# Miss Millie is Feelin' Pretty!



## CharismaticMillie (Jun 16, 2010)

I groomed Millie today and then she ran around outside with Henry after it was all said and done. I took the opportunity to get some photos of her. Enjoy! Can you believe how much she has lightened?


----------



## CharismaticMillie (Jun 16, 2010)

*More of Mildred*

More of Mildred


----------



## CT Girl (Nov 17, 2010)

She really has lightened up quite a bit. Dark or light Millie is always stunning. Her new lighter color is such a pretty shade. Kind of like a creamed coffee with a hint of cinnamon. It is always funny to me to see the "fight" pictures especially when the dogs are so elegantly groomed. They look like they are having a blast. It is such a contrast to see your film strip at the bottom of your posts where they look like such angels and then see them looking so devilish in the play shots.


----------



## Dallasminis (Feb 6, 2011)

Millie, though beautiful, is scary with her toothy grin!


----------



## CurlyDog (Aug 20, 2008)

Wow, what a difference! So, she's not a silver beige? Her color resembles Raleigh. Poodle colors are such a mystery to me. Do browns lighten in the same way?


----------



## CharismaticMillie (Jun 16, 2010)

CurlyDog said:


> Wow, what a difference! So, she's not a silver beige? Her color resembles Raleigh. Poodle colors are such a mystery to me. Do browns lighten in the same way?
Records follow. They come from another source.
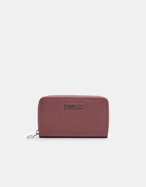 Stradivarius – Rechteckige Geldbörse in Burgunderrot mit Reißverschluss
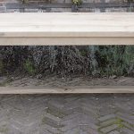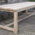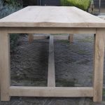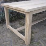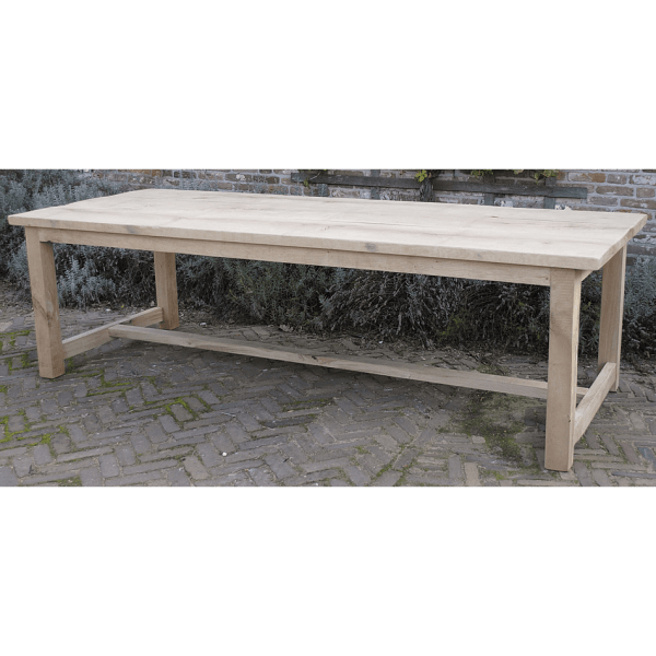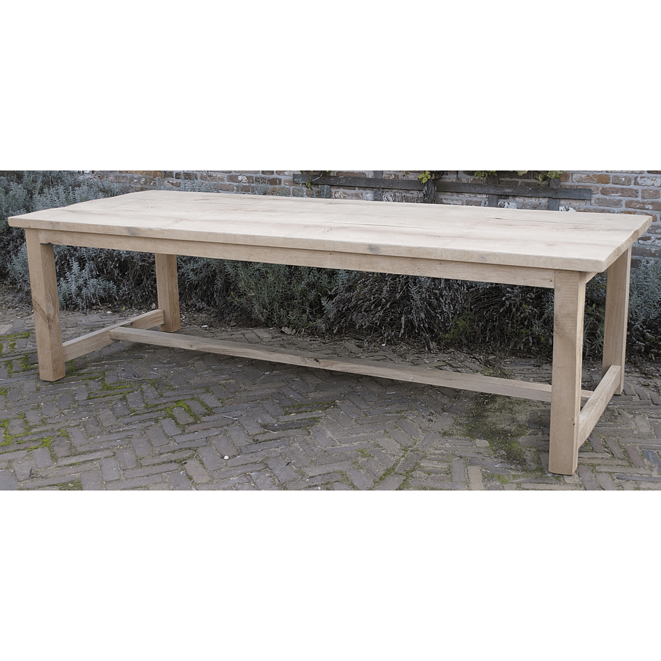 Deze kloostertafel met blokpoten is door onszelf ontworpen en in eigen werkplaats gemaakt. Het tafelblad is gemaakt van ca. 4cm dik eikenhout. Het model van deze tafel is geïnspireerd door de lange eettafels die in Europese kloosters geregeld voorkwamen. Dit is te zien aan de dwarsbalken tussen de poten en het robuuste tafelblad, die kenmerkend zijn voor antieke kloostertafels.
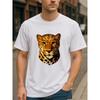 European sizes Trendy Casual Top with a Leopard Head Pattern, Versatile Everyday Wear, Graphic Print Round-Neck T-Shirt
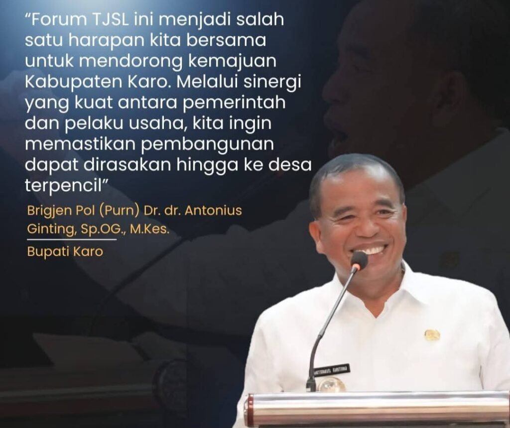Bupati Karo, Brigjen Pol (Purn) Dr. dr. Antonius Ginting, Sp.OG., M.Kes., menegaskan bahwa pelantikan Forum Tanggung Jawab Sosial dan Lingkungan (TJSL) di Kabupaten Karo menjadi momentum penting dalam mendorong kemajuan daerah melalui kolaborasi antara pemerintah dan dunia usaha.
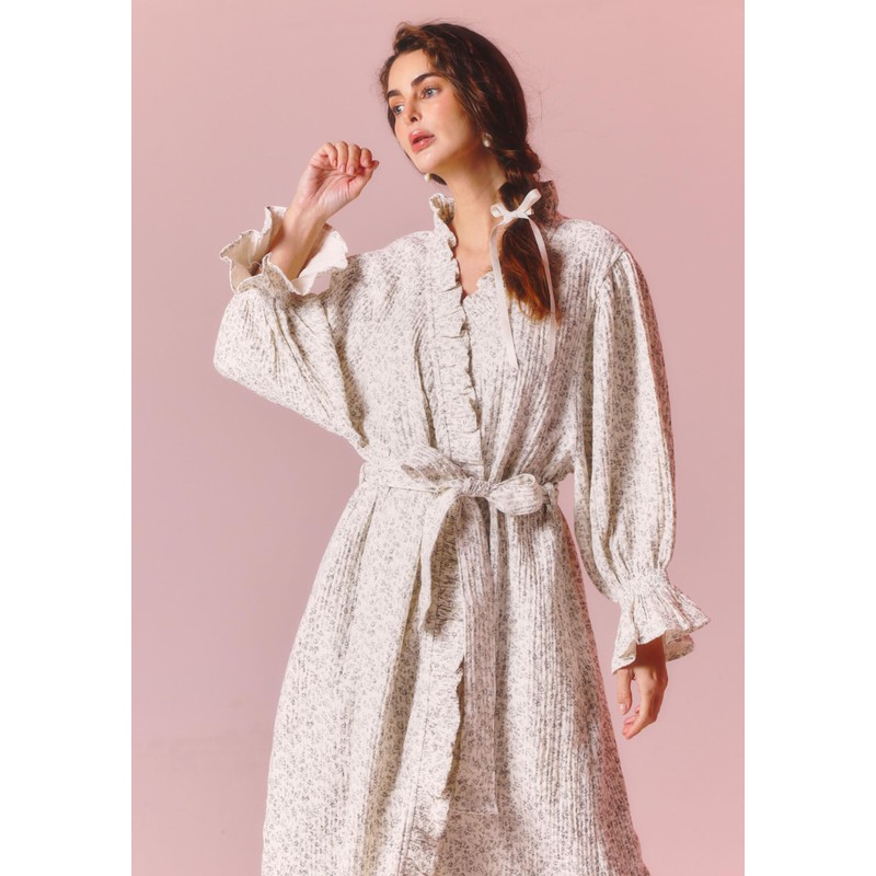 NOTHING FITS BUT Muslin Gauze Robe Maternity Gown, Women’s Cotton Classic Nursing Robe, Puffed Sleeves (US, Alpha, One Size, Regular, Regular, Ichika)
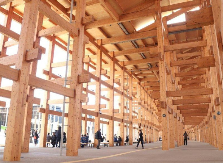 作为本届世博的象征建筑,这座直径超过600米、周长约2公里、建筑面积超过6000平方米的木结构圆环,日前已获吉尼斯世界纪录认证为全球最大的木造建筑。结构上运用日本神社与寺庙常见的横梁构件“贯(ぬき)”,同时融入现代技术确保稳固性,将传统与创新巧妙结合。
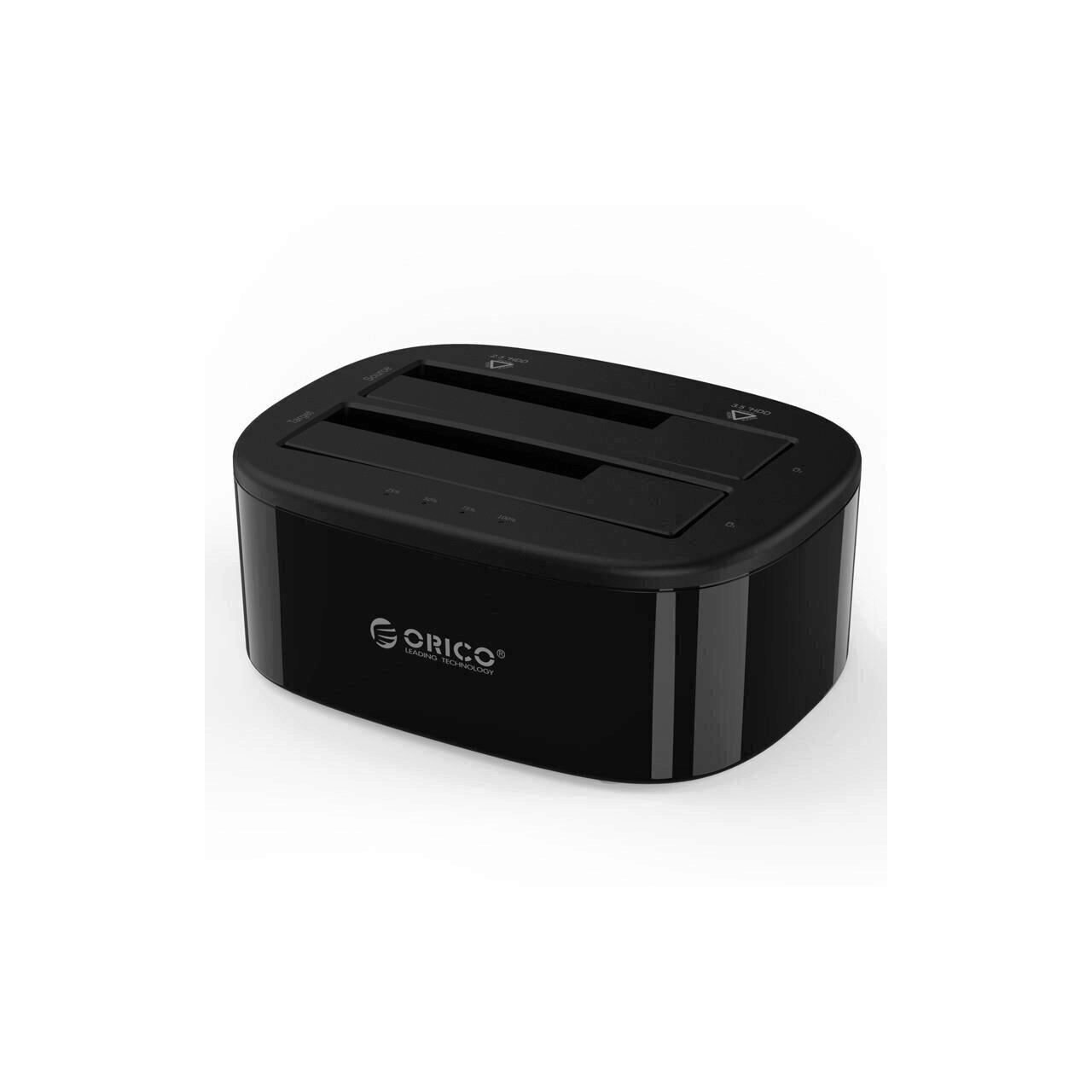 Docking station HDD Orico 6228US3-C USB 3.0 2 bay-uri 2.5/3.5” negru, posibilitatea scrierii si citirii a doua hard disk-uri simultan, posibilitatea clonarii unui hard disk in mod automat (hard disk-urile trebuie sa fie identice; pot existat mici diferente intre hard disk-urile cu acelasi cod de produs dar din loturi diferite si acest lucru va duce la esuarea clonarii; viteza de clonare este de 80MB/s), compatibil cu HDD/SSD 2.5”/3.5” SATA, capacitate maxima 2x8TB, conectivitate USB 3.0, include cablu USB 3.0, plug and play, protectii: over current protection / overvoltage protection / electrical short circuit protection / earth leakage, contruit din plastic ABS ignifug, compatibil Windows/Mac OS/Linux, lungime cablu de date: 1m
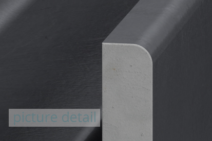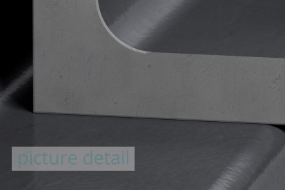 Surface/Material: dark grey, raw steel, semi-glossy,
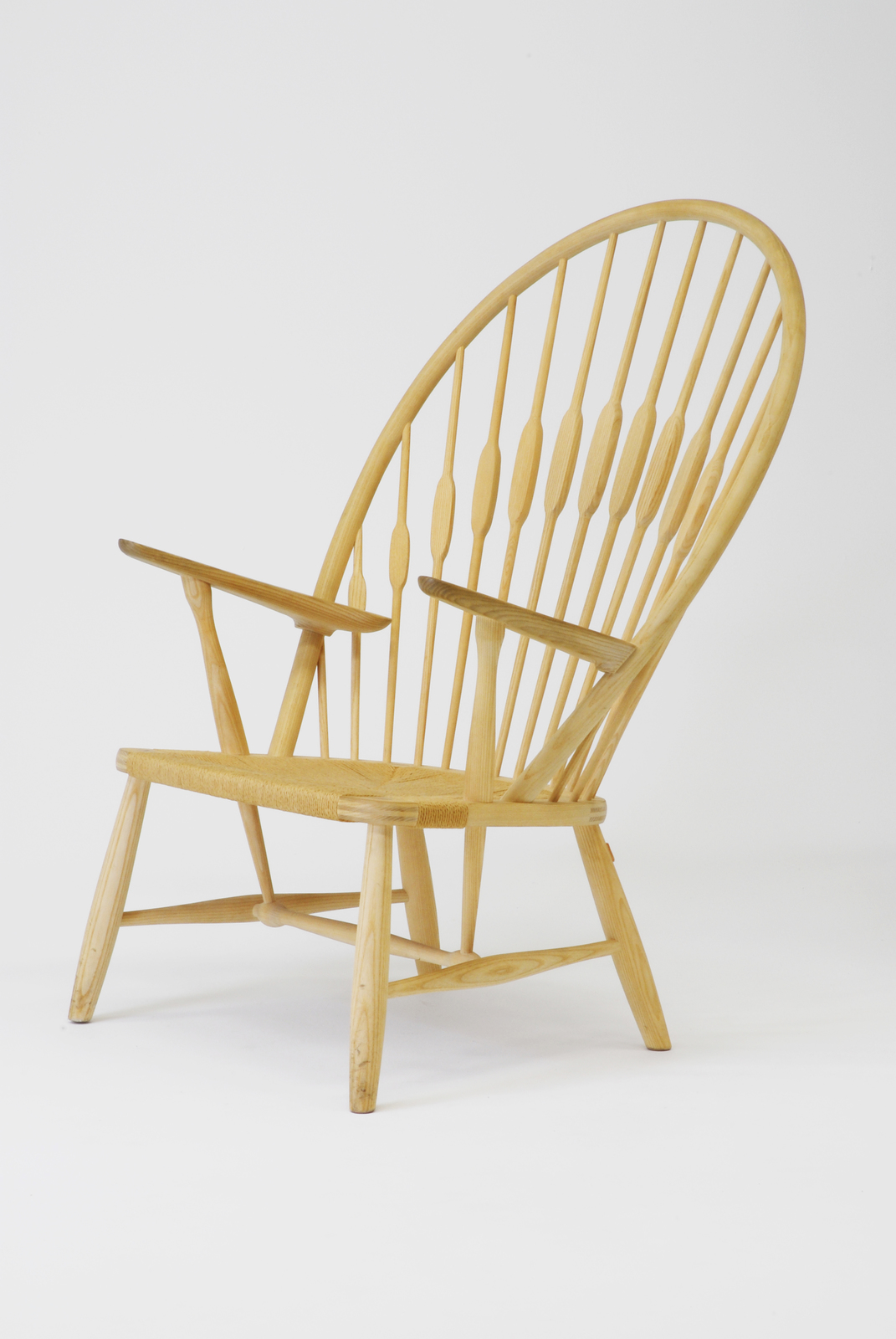 ウインザーチェアをデザインのモチーフとし、背の丸棒の中央に平らな部分をつくり、その名のとおり孔雀の羽根を広げたようなフォルムを持った椅子である。ピーコックという名は、ハンス・ウェグナーの友人であったフィン・ユールがつけた。また背のスポークが弓矢の形に似ていることから「アローチェア」とも呼ばれる。材料にトネリコを使用し、漂白し、無公害のソープフィニッシュ仕上げでよりいっそう軽さを出している。座はペーパーコードで編み、アームに汚れが目立たないようにチーク材を使って木の色のコントラストを出しているタイプもある。背の外周は当初成形合板であったが、現在は曲木でつくられている。 |

Millie, it seems, is cafe au lait. I consider her cafe and not silver beige because her color cleared like a blue would clear. It has been explained to me that cafe can range from "coffee with some cream" color to a milky "coffee with lots of cream" color. I believe there is some overlap in how a silver beige/cafe appear but that a silver beige will be evident very young while a cafe might be more difficult to identify as a young puppy. Also, a silver beige clears like a silver while a cafe clears like a blue. 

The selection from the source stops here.